I didn't have time to investigate but the owner of the property told me they were nesting.. really wish i had got the chance to cut it weeks ago since all the wild carrot is going to seed


----------



## JasoninMN (Feb 24, 2006)

Numerous sparrow species nest on the ground. Problem is they raise multiple cutches year. It doesn't matter when you cut there will be babies on the ground.


----------



## primal1 (Aug 22, 2003)

oh dear lol.. well i won't be mentioning that to the property owner.. He usually waits till September to cut it, that could be why the wild carrot has spread so badly on his land.


----------



## Micheal (Jan 28, 2009)

In the tall grass down by the road I had to wait for a pair of red-winged blackbirds to raise their young and move on before I brush-hogged the area. The bird is black in color except for a splash of red on their shoulder, maybe 7-9 inches long, and protective of the nest. Their whole process of egg laying to the young leaving the nest only took about 30 days so it didn't delay me as much as the weather did.....:grit:


----------



## fishhead (Jul 19, 2006)

Did you find the redwinged blackbird nest?
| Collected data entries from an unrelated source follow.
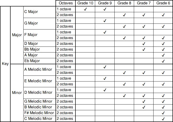 Candidates play one (Grade 10), two (Grades 9 - 6) scale(s) selected by the examiners without the use of a score.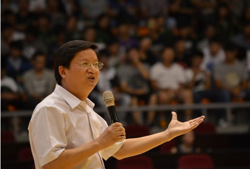 学生们席地而坐围绕在篮球场周围,认真聆听苏书记的讲话。苏书记介绍了学院概况,从区域优势到校园布局,从校训校风到校园文化,从师资力量到特色办学……让“和而不同”的校风、“勤、信、实”的校训和“创业、创新、创优”的学院精神深深刻在每个学生的脑海,“让宁职院的学生成为企业的首选”这一办学目标,也成为学生们大学三年个人成长的目标。他以“苹果、诺基亚、三星公司”的案例告诫同学们社会竞争的残酷现实,只有不断创新才能使自己立于不败之地;并建议大学生们充分利用课余时间,多泡泡图书馆,来丰富知识与内涵。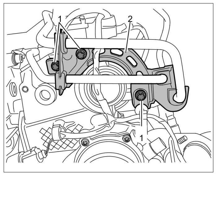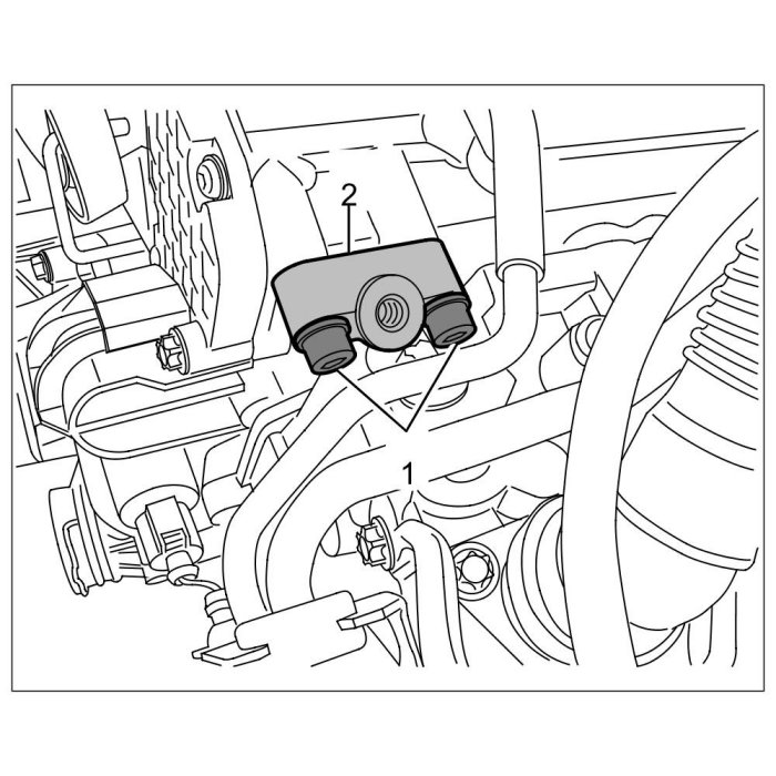 5. Loosen flange -2- for positive crankcase ventilation line -1-.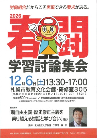 | 2025/12/06   | 26北海道春闘学習討論集会 道労連ニュース 日時 :2025年12月06日(土) 13:30〜17:00 場所 :札幌市教育文化会館305(札幌市中央区北1条西13丁目) 内容 :◆基調講演「新自由主義・歴史修正主義を乗り越える対話と学び合い」(仮) 講師 愛知県立大学教授 久保田 貢氏 ◆2026年春闘方針(案)提案 ◆3つの分科会 1)グループワーク・交流 2)実践講座「自分の職場で要求実現するための戦略を考えよう」 3)学習講座「春闘って何?どんなことからやればいいの?」 ◆全体会 各グループからのふりかえりなどを共有 申込 :2025年11月17日(月)までに申し込みが必要です 主催 :北海道春闘共闘委員会 |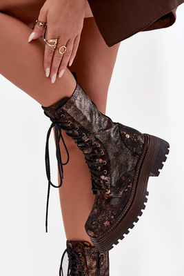Шкіряні чоботи на платформі з підкладкою Maciejka 06565-02 коричнево-золоті
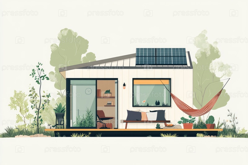 Плоская иллюстрация современного экологически миниатюрного дома с солнечными батареями, гамаком и растениями.Минималистская архитектура и устойчивый образ жизни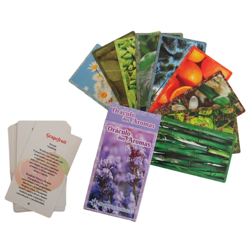 Descubra o Oráculo dos Aromas, um conjunto mágico composto por 54 cartas, desenvolvido para conduzi-lo em uma jornada sensorial única. Cada carta é um canal de sabedoria, projetada para oferecer orientações profundas sobre o uso dos aromas mais poderosos da natureza.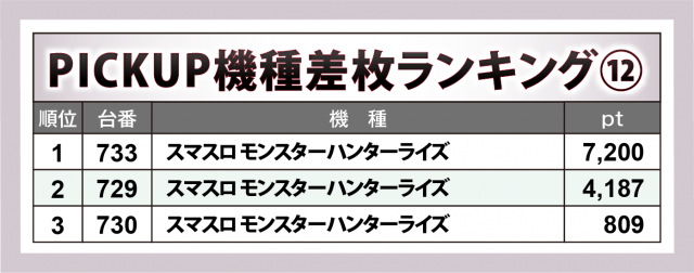 『スマスロ モンスターハンターライズ』7台はプラス率5割を満たせなかったが、+7千2百超・+4千2百弱が1台ずつと、スマッシュヒットを飛ばしていた。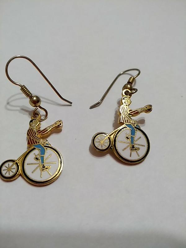 велосипедист. серьги. эмаль.
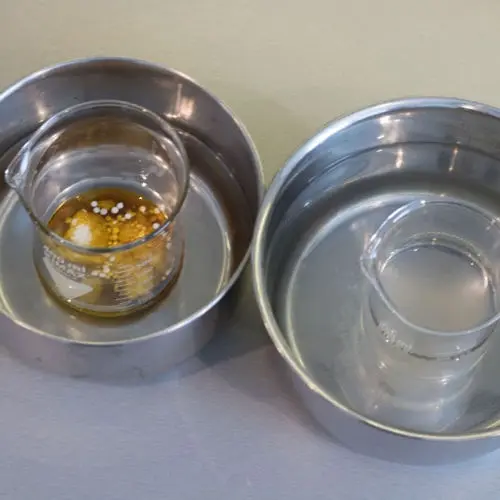 Heat both the water phase and oil phase containers in a water bath/bain-marie until both reach the same temperature (70°C or 158°F), measuring the temperature with a thermometer. You can choose to follow the “heat and hold” method if you like.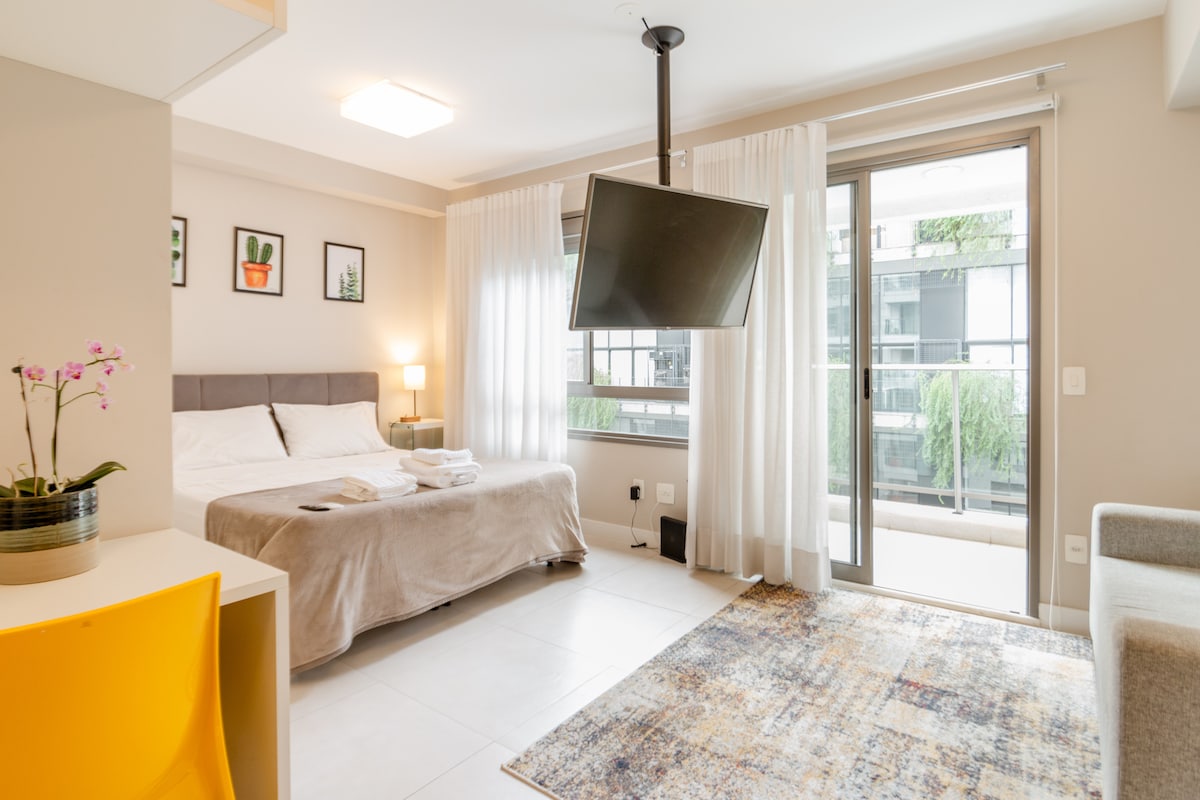 Enjoy the bohemian and artistic Vila Madalena, full of bars, restaurants and cafes. You can get to know the region or even take a tour to city parks with a bike, avaiable free of charge. Will you come to work? Focus on it at the confortable table facing the green balcony with a beautiful view of the tree tops. After all, enjoy the gym, poll, sauna and snooker room for your complete leisure.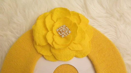 Yellow Flower Beret/Yellow Flower Beret/ Yellow Wool Beret/ Yellow Beret for Women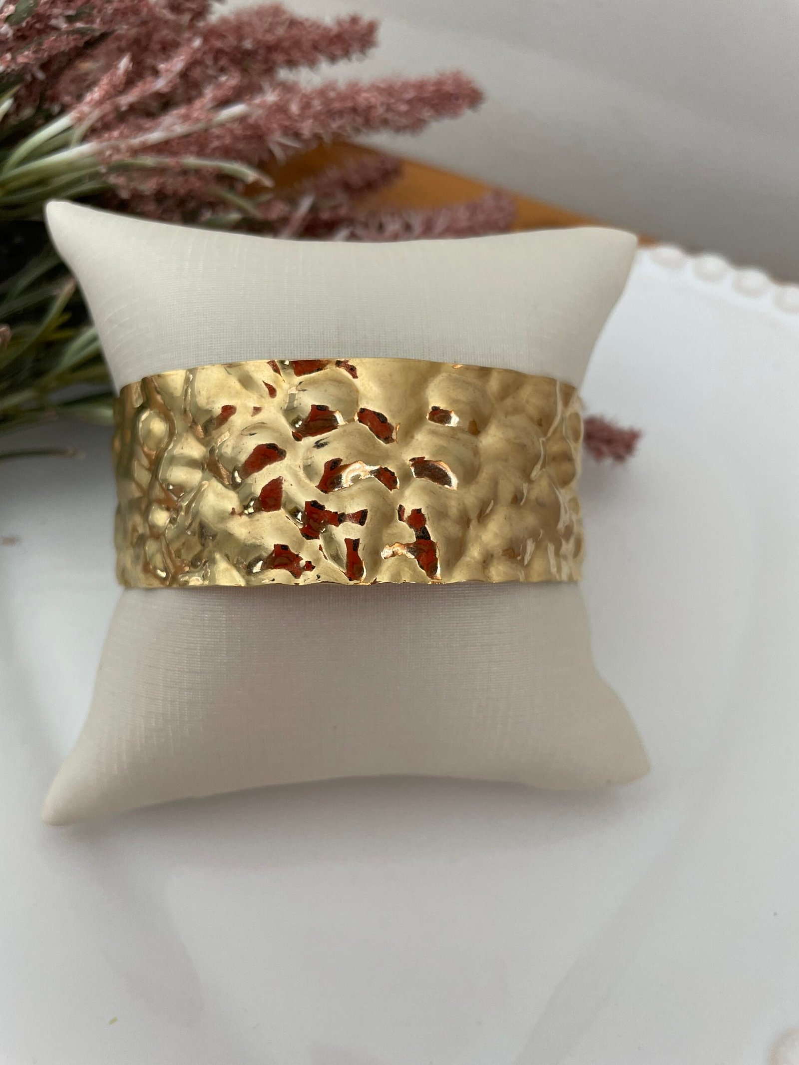 Bracelete com designer retangular, orgânico e ajustável que facilita o encaixe no braço.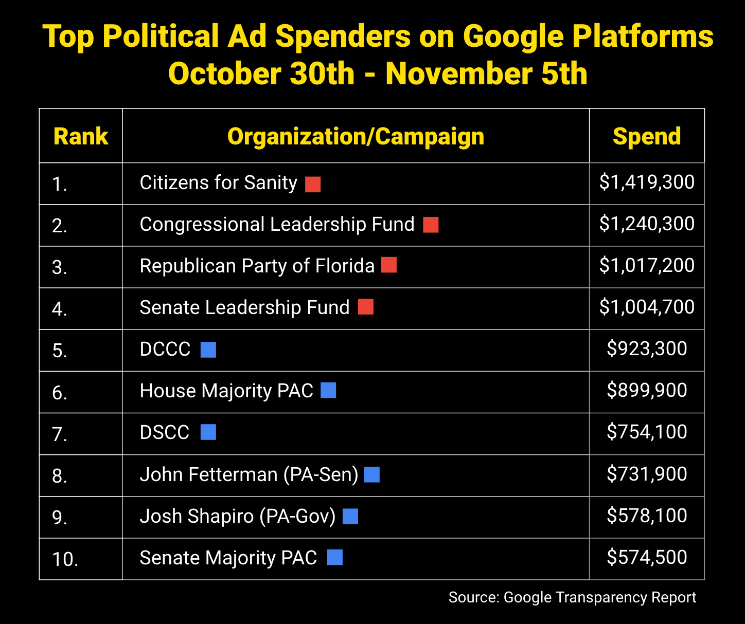 Last week, Republican outside groups like Citizens for Sanity, Senate Leadership Fund, and Congressional Leadership Fund flooded the zone on YouTube in a last-ditch effort to hit Democrats on crime and inflation. During the same time period, John Fetterman’s campaign spent over $730,000 on Google and YouTube ads - which was more than Dr. Oz’s campaign spent on the site targeting Pennsylvanians all year.

I've found them built out of cattails and they are really neat. They must make them out of tall grass stems too.


----------



## Micheal (Jan 28, 2009)

Sorry for the delay in answering...
Yea, found the nest, saw the eggs, and got dive-bombed by the pair of expective parents.......  
Then left them alone cause of it being in the tall grass I didn't want to leave a pathway for other critters to find it also. 
Think though the best nest I've found is a humming birds nest - not that it was special or anything just the size of it amazed me... tiny tiny tiny......


----------



## primal1 (Aug 22, 2003)

I went yesterday and couldn't see any birds even flying out of the field. The Wild carrot is about 5-6 feet high now so i didn't bother trying to walk though it lol.. I'm guessing if i only mow by the end of the month i should be ok since the robins are almost done their second round of laying... will be back soon so maybe i will get luckier and see some birds.. Thanks for all the help anyway!


----------